ABSTRACT: Attributional metrics that allocate emissions to investors in proportion to ownership dominate sustainable finance. Yet they overstate investor climate impact by allocating emissions rather than identifying causal influence. Consequential metrics aim to avoid this by estimating the difference an investment makes to emissions. However, they underestimate impact whenever investor actions are overdetermined or pre-empted—a common feature of financial markets. We show that causal models of impact, including the Halpern–Pearl and NESS accounts, deliver more accurate verdicts in these cases and clarify the mechanisms through which investors affect corporate emissions. Applying two measures of degrees of causal contribution to a stylized oil company scenario, we compare the climate impact of divestment and voting. Engagement emerges as far more impactful than reallocating shares, something attributional metrics cannot capture. We outline implications for climate-oriented investment strategies.
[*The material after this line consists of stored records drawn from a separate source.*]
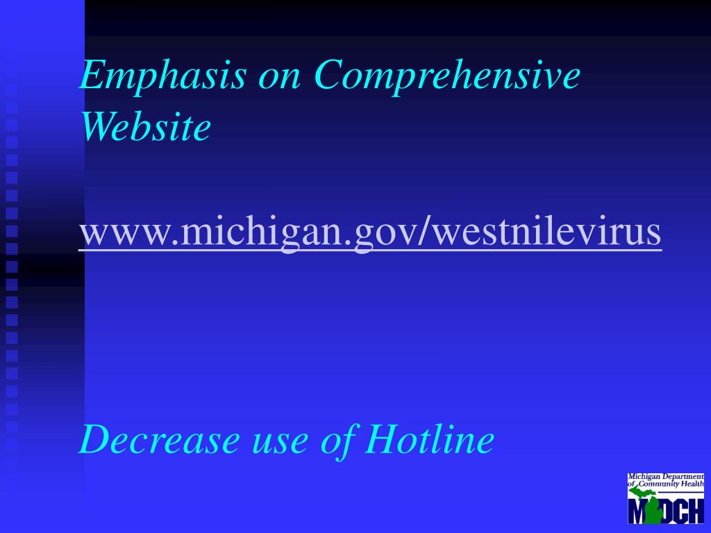 Emphasis on Comprehensive Websitewww.michigan.gov/westnilevirusDecrease use of Hotline
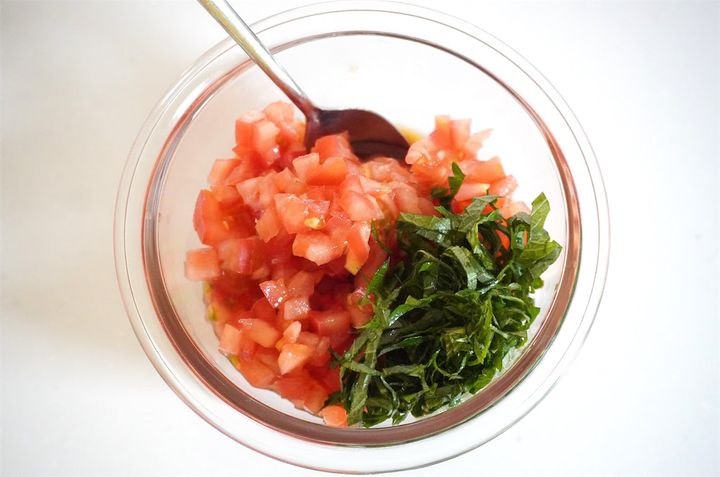 1.青じそは千切り、トマトは5mm角に切ってボウルに入れ、しょうゆとほめられ酢を加えて混ぜる。
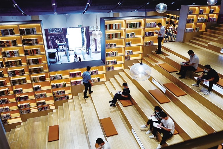 “平均每天有五六百人来这里借书、看书,月均借阅量1.5万册。我们下班时间是晚上8点半,但有的读者还是舍不得走,转战到旁边的‘24小时图书馆’。”馆长鲍丹说。
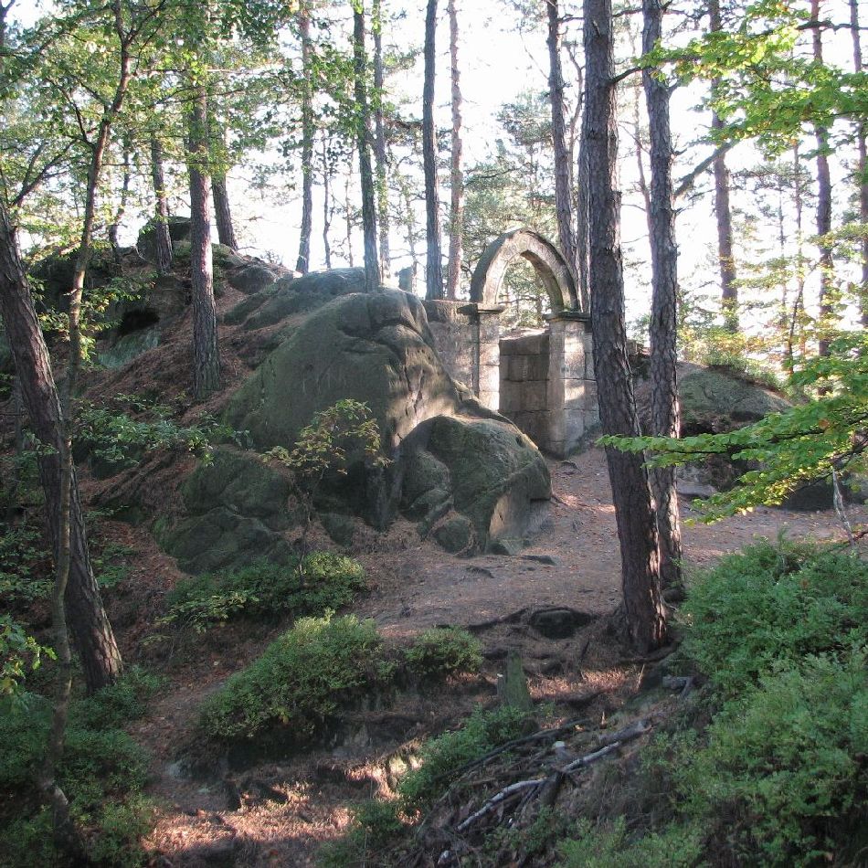 Zamek Vranov – Panteon wznosi się na wąskim i stromym urwisku z piaskowca nad prawym brzegiem rzeki Izery nad miejscowością Malá Skála i jest najdłuższym zamkiem skalnym w Czechach. Vranov został założony około 1425 roku, służąc przede wszystkim jako warownia. W 1802 roku dobra malostrańskie kupił przedsiębiorca František Zachariáš Römisch. Zlecił on przebudowę dojścia do zamku i na dużej wysokości nad rzeką Izerą zbudował punkt widokowy, z którego roztacza się piękny widok na miejscowość Malá Skála oraz dolinę rzeki Izery.
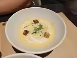 Both soups were delicious, but the seafood chowder had a richer flavor profile, with ingredients like fish, shrimp, and clams. The soups also came with toasted croutons, adding a nice crunch.
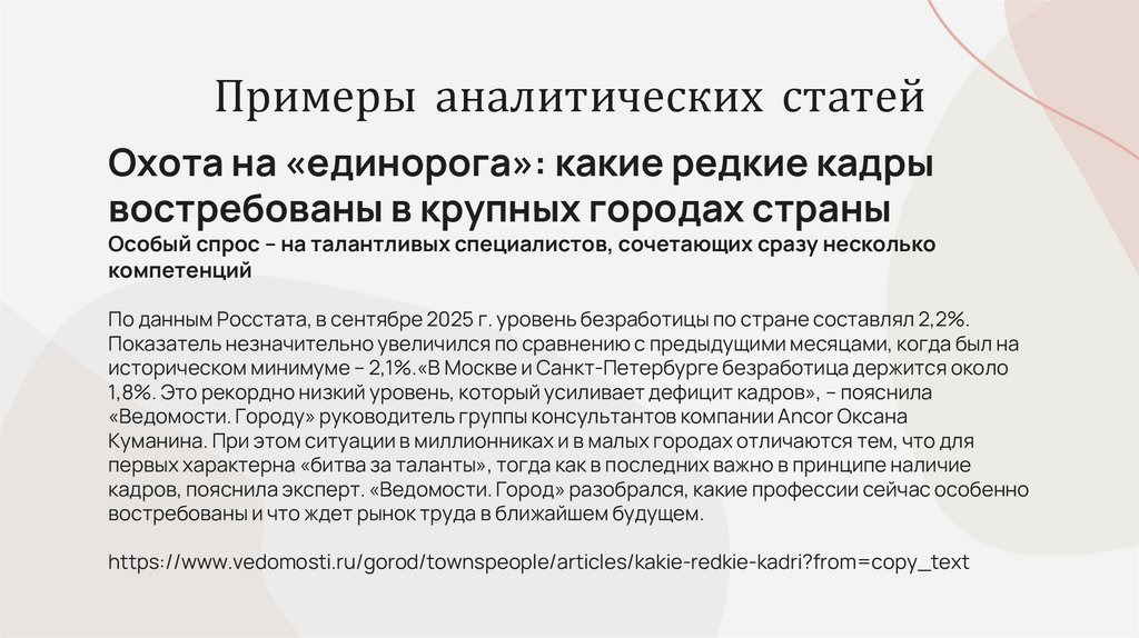 18. Примеры аналитических статей
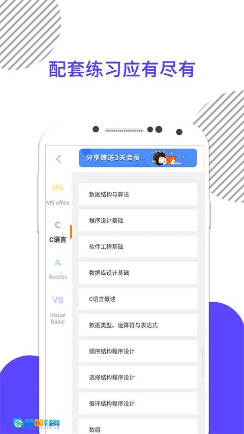 “计算机二级米考试”是一款专为计算机二级考生打造的备考软件,它不仅收录了海量往年真题供用户练习,还提供了众多名师的直播课程。在这里,你可以学习到丰富且实用的知识,助力你顺利通过考试。感兴趣的用户,快来体验吧!
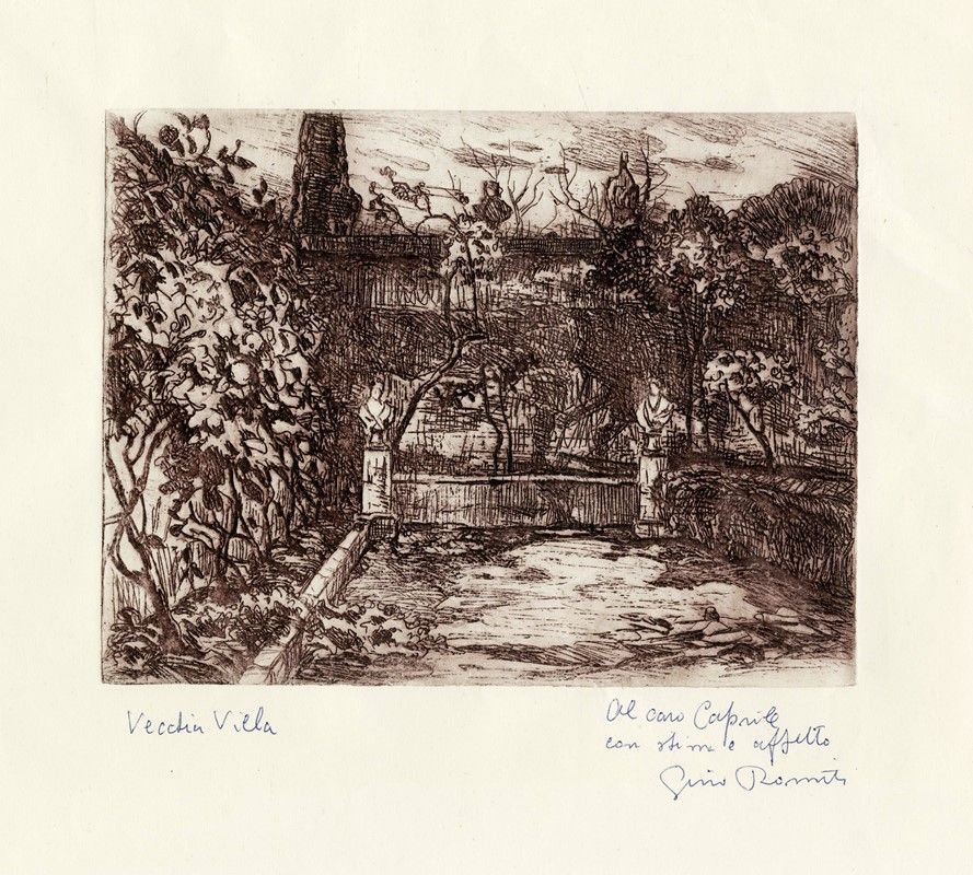 Acquaforte. mm 160x205. Foglio: mm 340x470. Titolata a penna a sfera blu in basso a sinistra, firmata e dedicata a Caprile a penna a sfera blu in basso a destra.
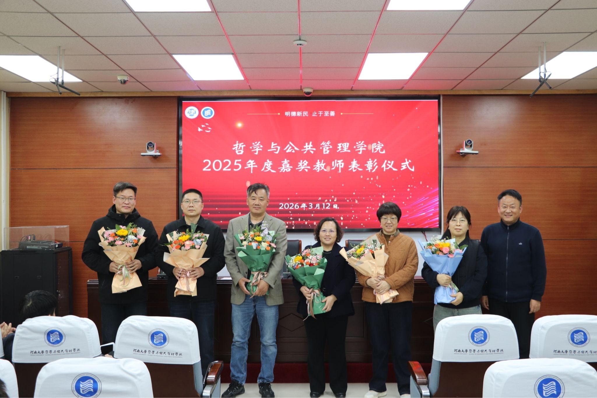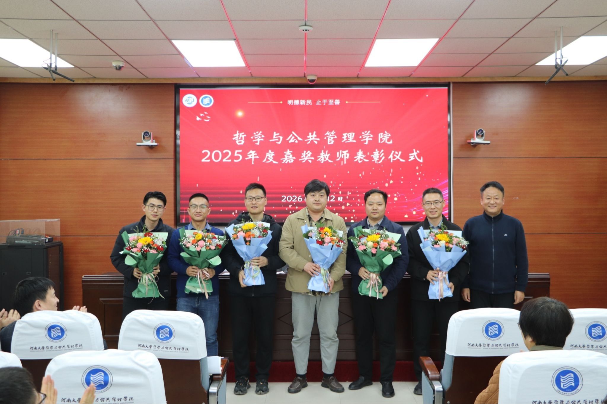 师德是教育之魂,为表彰先进,营造见贤思齐的良好氛围,会议对周靖等14位获得2025年度“嘉奖”荣誉的教师进行表彰。党鸿军代表学院为他们献上鲜花。他号召全院广大教职工要以获“嘉奖”教师为榜样,以开展树立和践行正确政绩观学习教育为契机,积极融入学校综合改革,紧密围绕本年度学院中心工作与重点任务,凝心聚力、真抓实干、攻坚克难,以更加扎实的工作作风、更加昂扬的精神风貌,开拓创新、勇于担当,为推动学院各项事业高质量发展作出新的更大贡献。
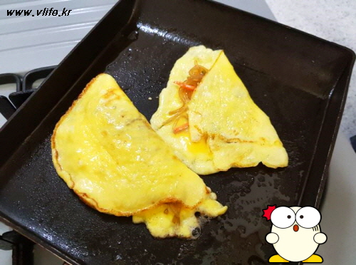 반 접어 올려 잠깐 더 익혀 꺼냈어요.
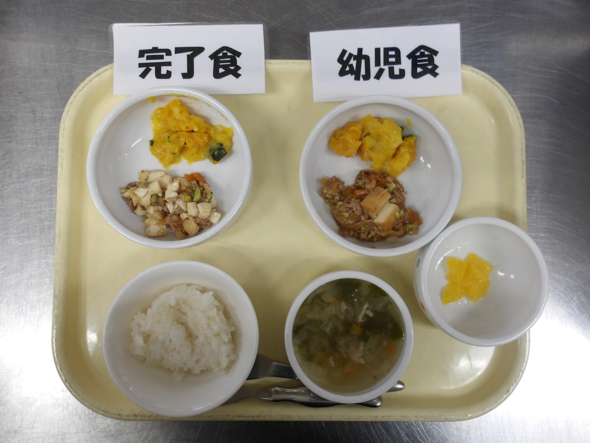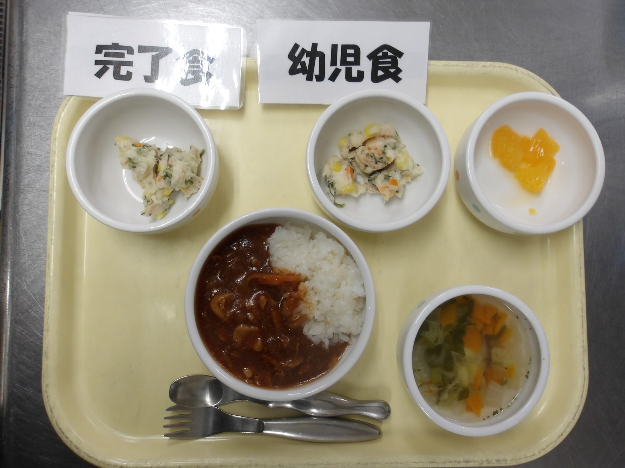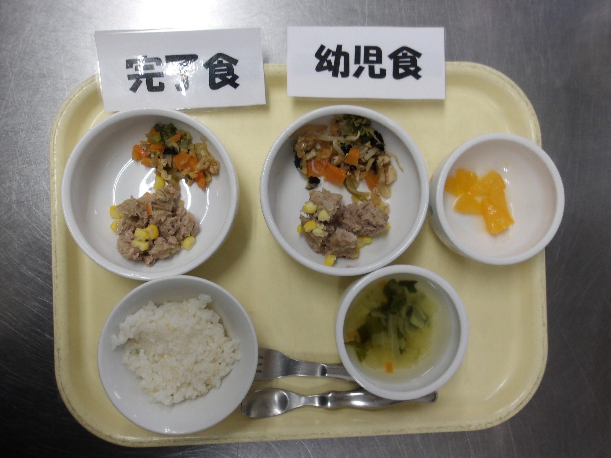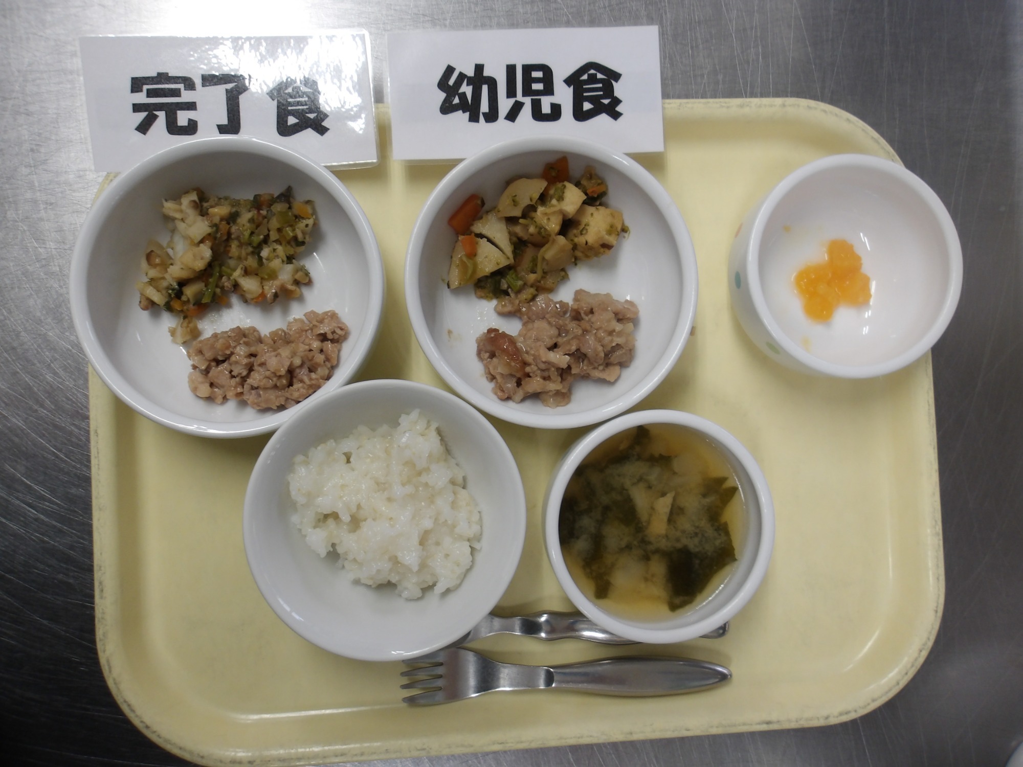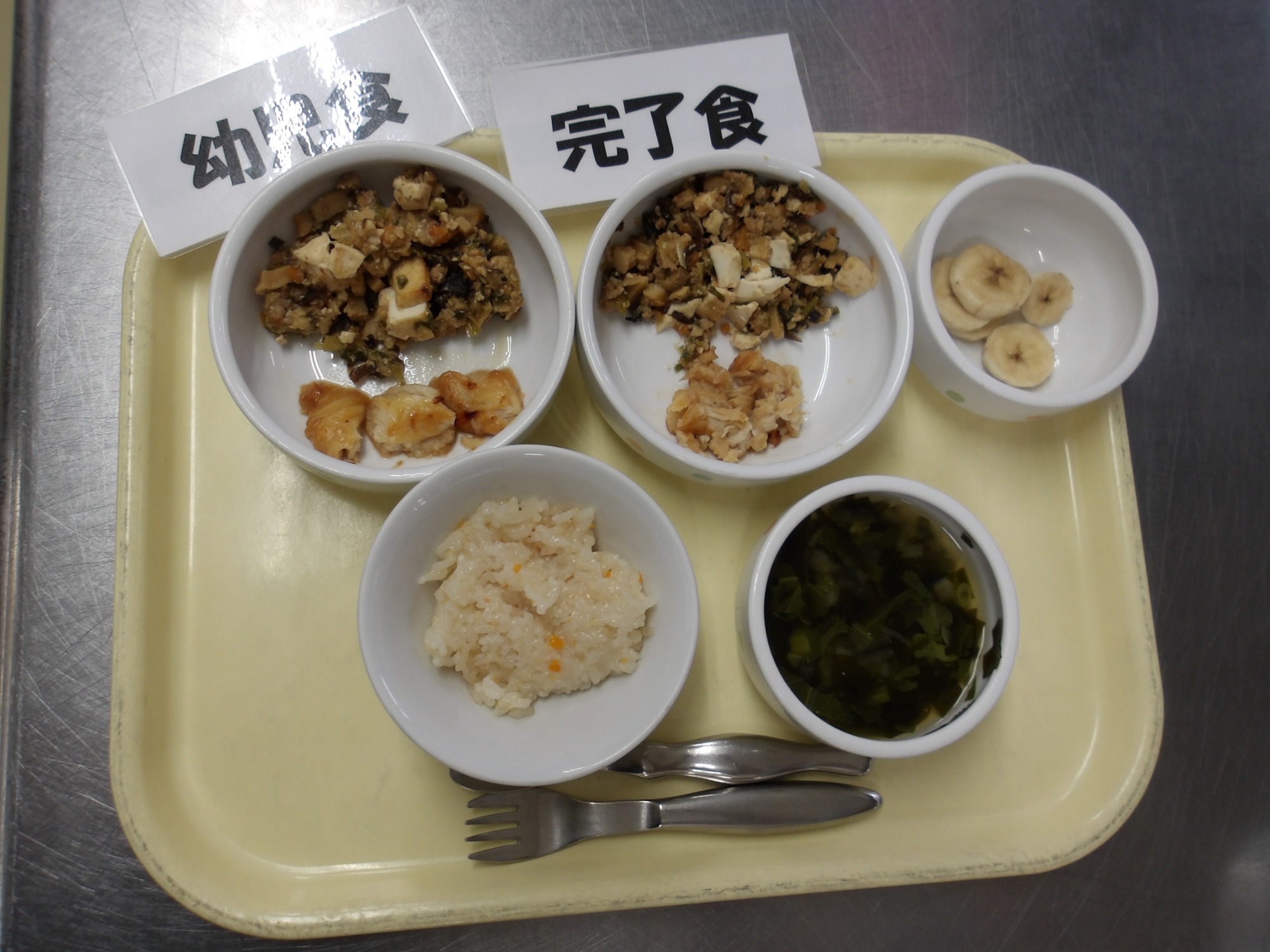 うさぎ組の幼児食と完了食です。前歯の生えてくる状況など一人一人に合わせた形態で提供しています。

BIO: Mattias Gunnemyr is a researcher in the Financial Ethics group at the University of Gothenburg and an affiliated researcher at Sustainable Finance Lab. His work focuses on ethical issues related to collective harm in finance. He earned his Ph.D. in practical philosophy from Lund University in 2021, where his dissertation examined individual moral responsibility and blameworthiness in contexts such as greenhouse gas emissions. In addition to his research on collective harm, he has published on structural injustice, particularly Iris Marion Young’s social connection model, and is currently editing an anthology on the collective harm problem.